В то лето слово “конфликт” чуть было не приняло прямой, конкретный и кровавый смысл: Хлебников собирался с оружием в руках выйти к дуэльному барьеру. Дуэль к тому времени была уже делом безнадежно старомодным (хотя в начале века и воскрешалась небезуспешно, особенно в военной среде), но могла ли угроза старомодности остановить Хлебникова, — поэта, жившего сразу во многих временах, непрерывно нарушавшего права логики времени и пространства? Особенно примечательно, что к барьеру он намеревался выйти за другого, защищая честь и достоинство незаслуженно оскорбленного писателя А.М. Ремизова, своего старшего друга и наставника. Подобно Дон Кихоту, Хлебников готов был защищать с оружием в руках то, во что верил, нисколько не заботясь, чтобы его действия не показались кому-нибудь смешными или неуместными. Обиду, нанесенную чести и достоинству русского писателя, он воспринимал как личную.

Алексей Михайлович Ремизов, честнейший человек и изощренный мастер русского слова, был обвинен в плагиате газетчиком, не разбиравшимся в вопросах, очевидных для фольклориста: в разнице между авторской и фольклорной сказкой, между сырой фольклористической записью и ее литературной обработкой. Хлебников взвился на дыбы. Он кинулся выручать оболганного писателя, помогать ему и первым делом, по просьбе Ремизова, обежал ряд киевских газетных редакций, разыскивая перепечатки петербургской клеветнической заметки и местные отклики. Он ходил от одного знакомого к другому, изливая свое возмущение, и с удивлением видел, что интеллигентные знакомые если и не поверили газетной заметке вполне, то, по крайней мере, допускают возможность правоты журналиста. Хлебников натолкнулся на пошлую осторожность “порядочных людей”, занявших по отношению к Ремизову известную позицию: то ли он шубу украл, то ли у него шубу украли, но что-то такое было… Но предоставим слово Хлебникову.

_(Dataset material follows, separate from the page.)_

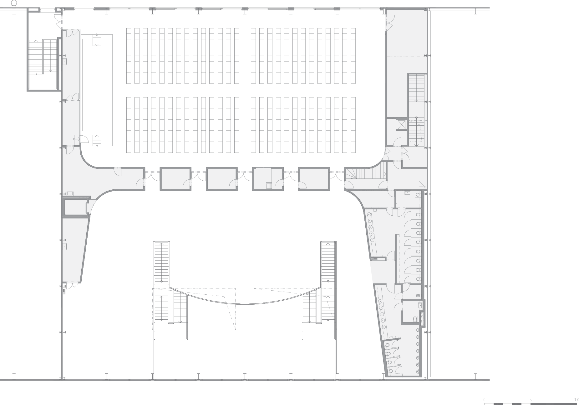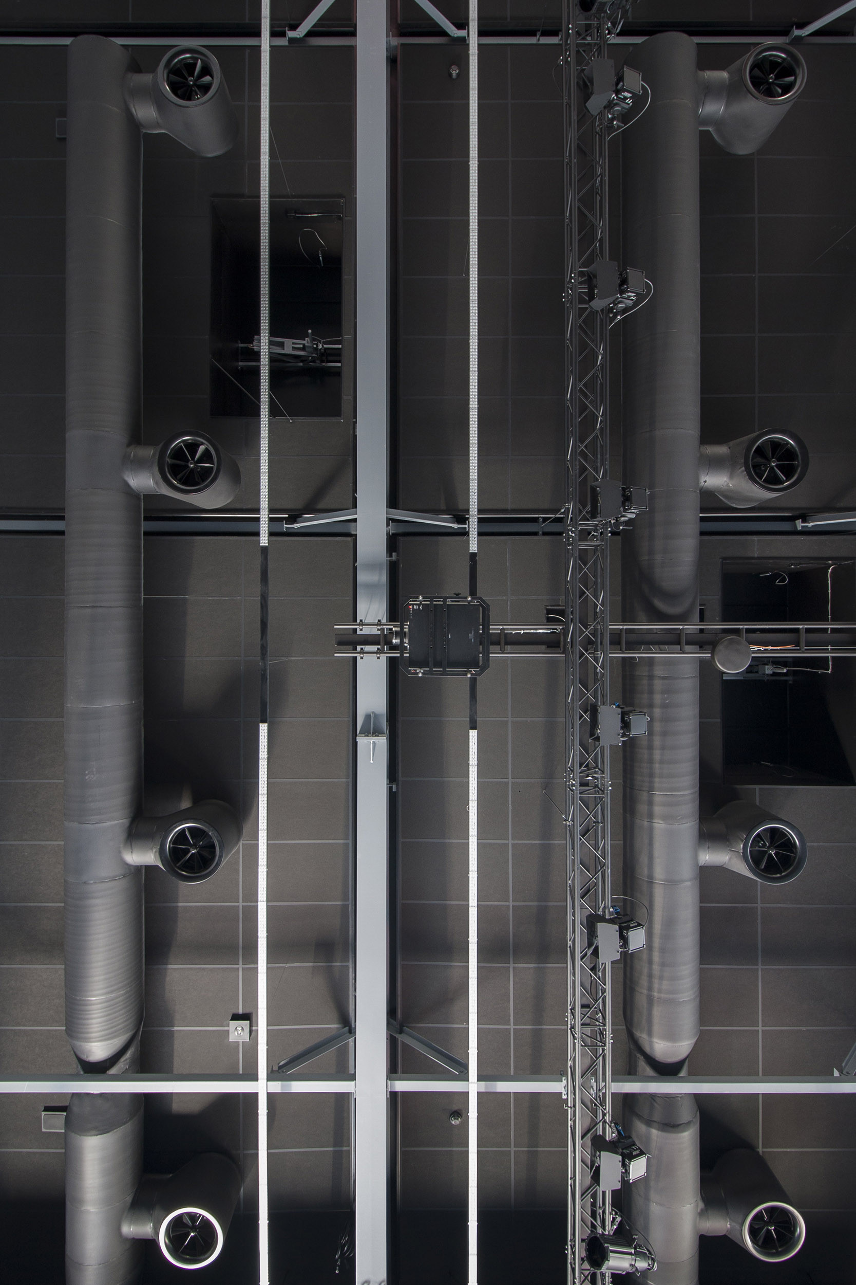 Prostor sálu je naopak záměrně tlumenější a nechává tak vyniknout tomu co se v něm děje. Příjemný dojem podporuje kvalitní akustické řešení, stmívatelná svítidla, měkký koberec a jednoduchá černo-bíla barevnost.
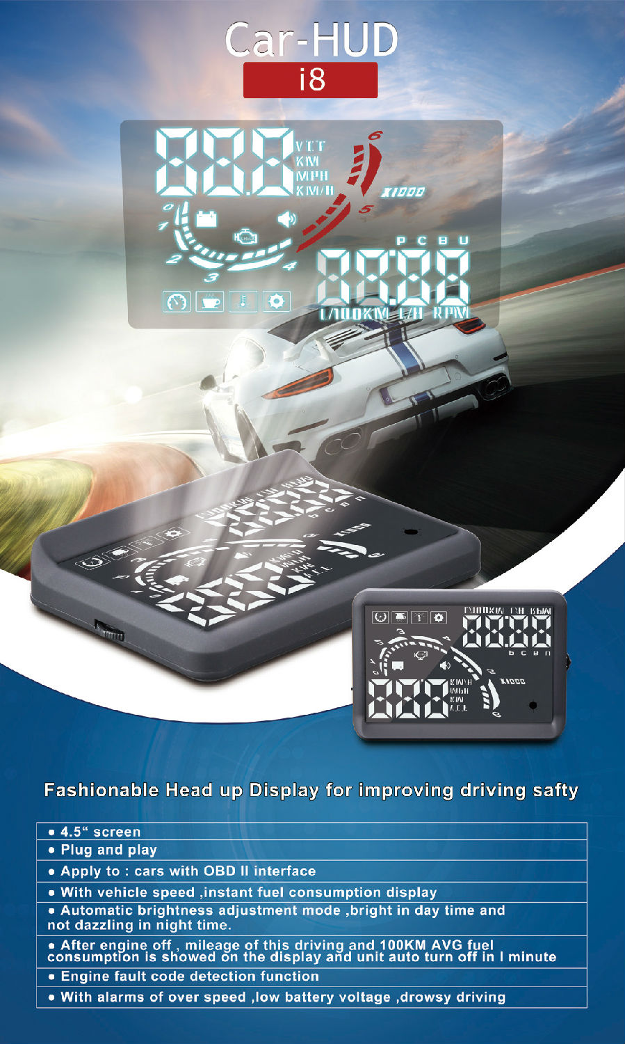 • 4.5" screen, plug and play, apply to:cars with OBD II interface with vehicle speed,instand fuel consumption display

Честь должна быть смыта, — писал он в уже цитированном письме В. Каменскому от 8 августа. — Если Алексей Михайлович не хочет гордо искать удовлетворения, то он должен позволить искать удовлетворения его друзьям. Мы должны выступить защитниками чести русского писателя, этого храма, взятого на откуп — как гайдамаки, — с оружием в руках и кровию. К черту третейские суды, здесь нужны хмель и иное пламя. Пусть Алексей Михайлович потребует удовлетворения от издателя газеты г. Проппера. Так как, вероятно, сам он не захочет, да его и не пустят друзья, то он должен дать право своим друзьям искать удовлетворения. Так должен вести себя писатель с гордо поднятой головою — жрец истины. Мы должны сплотиться вокруг Алек‹сея› Мих‹айловича› как его друзья. Пусть Ал‹ексей› Мих‹айлович› помнит, что каждый из его друзей гордо встанет у барьера защищать его честь и честь вообще русского писателя, как гайдамак вставал за право родины. Но этот же знакомый может и не подать руки, видя его отказывающимся от благородной услуги друга, сносящим пощечины. Итак, еще раз: я был бы гордым стать у барьера за честь Алек‹сея› Мих‹айловича› и за честь вообще писателя. ‹...›12

Легко представить себе, с каким клокочущим сердцем было написано это письмо. Обращает на себя внимание дважды повторенное сравнение с гайдамаком: Хлебников числил себя украинцем по материнской линии (из рода Вербицких), и его нисколько не смущало, что честь русского писателя он намерен защищать как украинский повстанец. Поэт устанавливал некое наднациональное единство порядочности, интернационал благородства. Впоследствии А.М. Ремизов рассказывал, каких превеликих усилий стоило ему и его друзьям отговорить, удержать Хлебникова от ненужной и нелепой затеи. Удержать его было тем труднее, что свою затею он рассматривал как поэтический поступок.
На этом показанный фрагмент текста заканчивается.